One of the most frequently asked questions that I got during my training days of “New to Management” was around how do, as the manager, know if my team is successful or not? Great question for managers to ask. I used to think that I had a good team that was delivering their on the objectives in a timely and cost efficient manner was a very good indicator of how well things were going. Sounds good, but there is so much more. No one every really likes to answer a question with a question, but I wanted to use the complete class to brainstorm what a successful team could look like. Off goes the question… “what is your view of a success team?” Here is what followed..
- A team that works together to accomplish whatever is set in front of them.
- A team that works whatever hours are necessary to accomplish their goals.
- Hitting their numbers, pushing product and doing a quality job.
- The team gets along.
- Someone in the team sees a problem and the team handles it.
- Each member of the team is pulling their own weight.
- Team is not afraid of failure, as they can accomplish anything they set their mind to it.
- I as the manager, do not have to be “too” involved. The team understands that they are empowered.

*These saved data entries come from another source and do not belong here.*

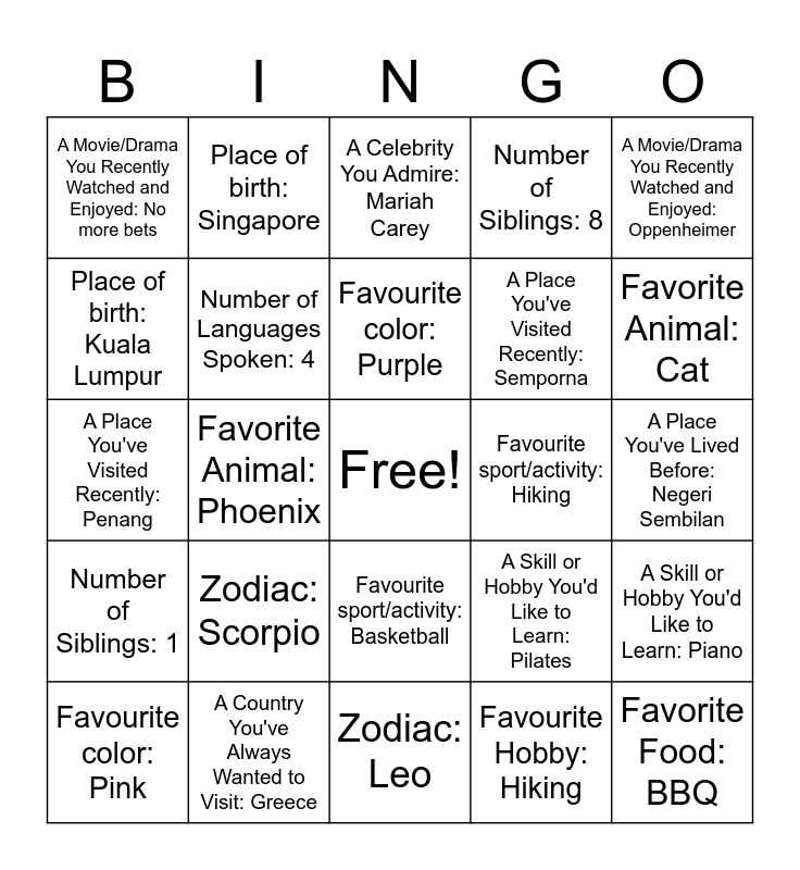 This bingo card has a free space and 25 words: Zodiac: Scorpio, Zodiac: Leo, Favourite color: Purple, Favourite color: Pink, A Movie/Drama You Recently Watched and Enjoyed: Oppenheimer, A Movie/Drama You Recently Watched and Enjoyed: No more bets, Place of birth: Kuala Lumpur, Place of birth: Singapore, Favourite sport/activity: Hiking, Favourite sport/activity: Basketball, A Place You've Visited Recently: Semporna, A Place You've Visited Recently: Penang, A Skill or Hobby You'd Like to Learn: Pilates, A Skill or Hobby You'd Like to Learn: Piano, Number of Languages Spoken: 4, A Place You've Lived Before: Kuala Lumpur, A Place You've Lived Before: Negeri Sembilan, A Celebrity You Admire: Mariah Carey, Favorite Animal: Cat, Favorite Animal: Phoenix, Favorite Food: BBQ, A Country You've Always Wanted to Visit: Greece, Number of Siblings: 1, Number of Siblings: 8 and Favourite Hobby: Hiking.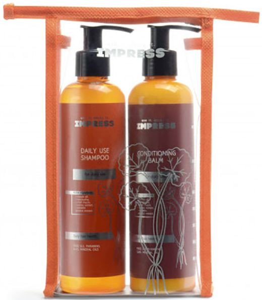 Кошти з набору Impress For Daily Use Set підходять для щоденного застосування, шампунь та бальзам – кондиціонер не містить шкідливих хімічних сполук, що негативно впливають на стан волосся. Склад продуктів багатий на поживні та відновлюючі компоненти, які допомагають щодня підтримувати захисний шар локонів, регенерувати пошкоджені ділянки та робити пасма більш еластичними та пружними. Фільтрат муцину равлика розгладжує і відновлює пасма, насичує їх колагеном і еластином, допомагає ущільнити ділянки, що витончилися, запобігає розщепленню кінчиків. Екстракт центели азіатської бореться з лупою, знімає стрес шкіри, покращує зростання нових волосків, запобігає появі дискомфортних відчуттів у вигляді сверблячки та стягнутості.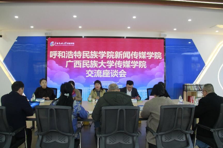 1月24日,呼和浩特民族学院新闻传媒学院党总支书记苏伦高娃、院长额尔敦毕力格一行到我院开展调研交流活动。我院党委书记黄焕汉、院长杨学明,副院长王文娟、万益杰,教师代表参加此次交流活动。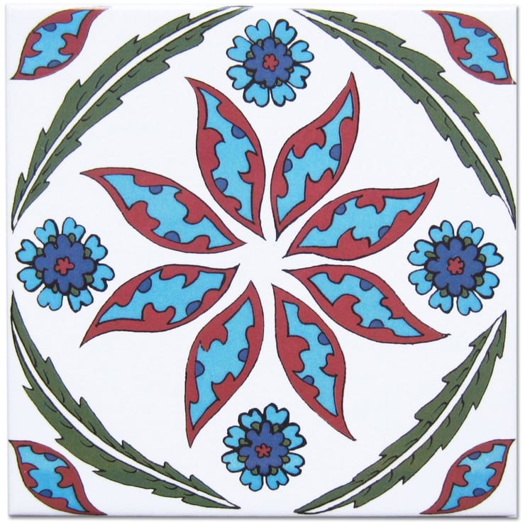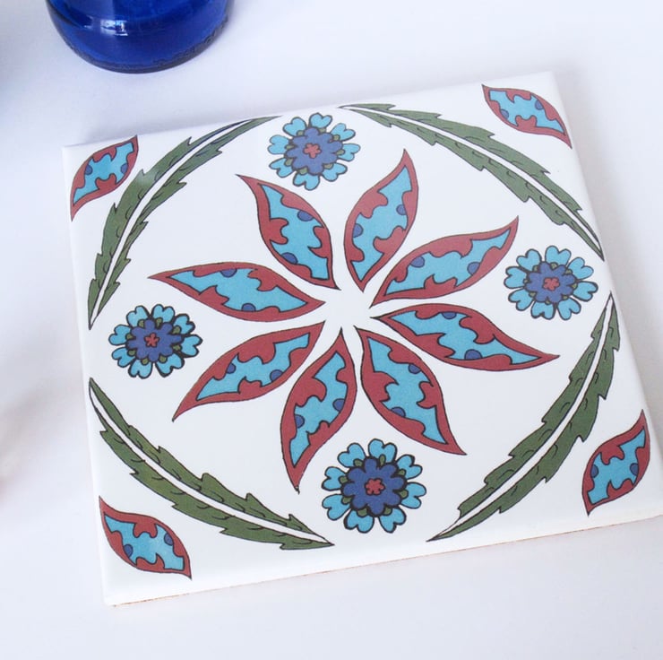 Ottoman Inspired Flower Pattern Ceramic Tile Trivet with Cork Backing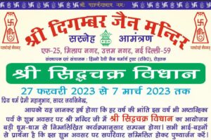 सारांश उत्तम नगर स्थित श्री दिगम्बर जैन मंदिर में दिनांक 27 फरवरी 2023 से 07 मार्च 2023 तक श्री सिद्धचक्र विधान का आयोजन होगा। इस अवसर पर कई मांगलिक...

- Work gets done, on-time and within budget.
- The team helps each other out.
These all sound pretty good, right? I can remember in my early days as a manager thinking if my team was to accomplish these or a subset of them, I felt pretty good. I used to hear from my management that my team was the best one of all of the teams in the department. That was not enough, as upper management to me, is not there daily or in the trenches when work is getting done. As I gained more experience with managing teams, I started to really look underneath the surface and see how the team was really working together. Asking myself, how does the team accomplish the work that is set out in front of them? What is the overall commitment level of each and every team member? Do they really work together? What motivates the team members to do new and interesting stuff (innovation)? I started to develop my own scorecard for success of the teams that I led.
- Getting the work done in a timely and cost effective manner – this still is the overall measure of success. That never changes as this is the most visible to the complete department. Getting your work done. If you don’t you won’t be around much.
- Gauging the overall free flow of ideas and information – having great discussions about how to improve, how to do stuff better, or what is really happening. Having a team that shares the good, bad and ugly when it comes to team self reflection. Doing this in a constructive and not threatening manner. Working the problem rather than focusing on the individual. The discussions were pretty lively and listening to them build on each other’s thoughts, made me see that a complete diverse team is better than a set of individual’s. Where I worked we used to do a yearly plan for the upcoming year. I used to include my complete team in this exercise. Set up some basic assumptions (budget and rev 0 goals) and what the team work together to set the plan together. The overall ownership of that plan was strong among the team. I usually had to point out that we must not try to do too much, we realize that year over year stuff happens, we must be flexible.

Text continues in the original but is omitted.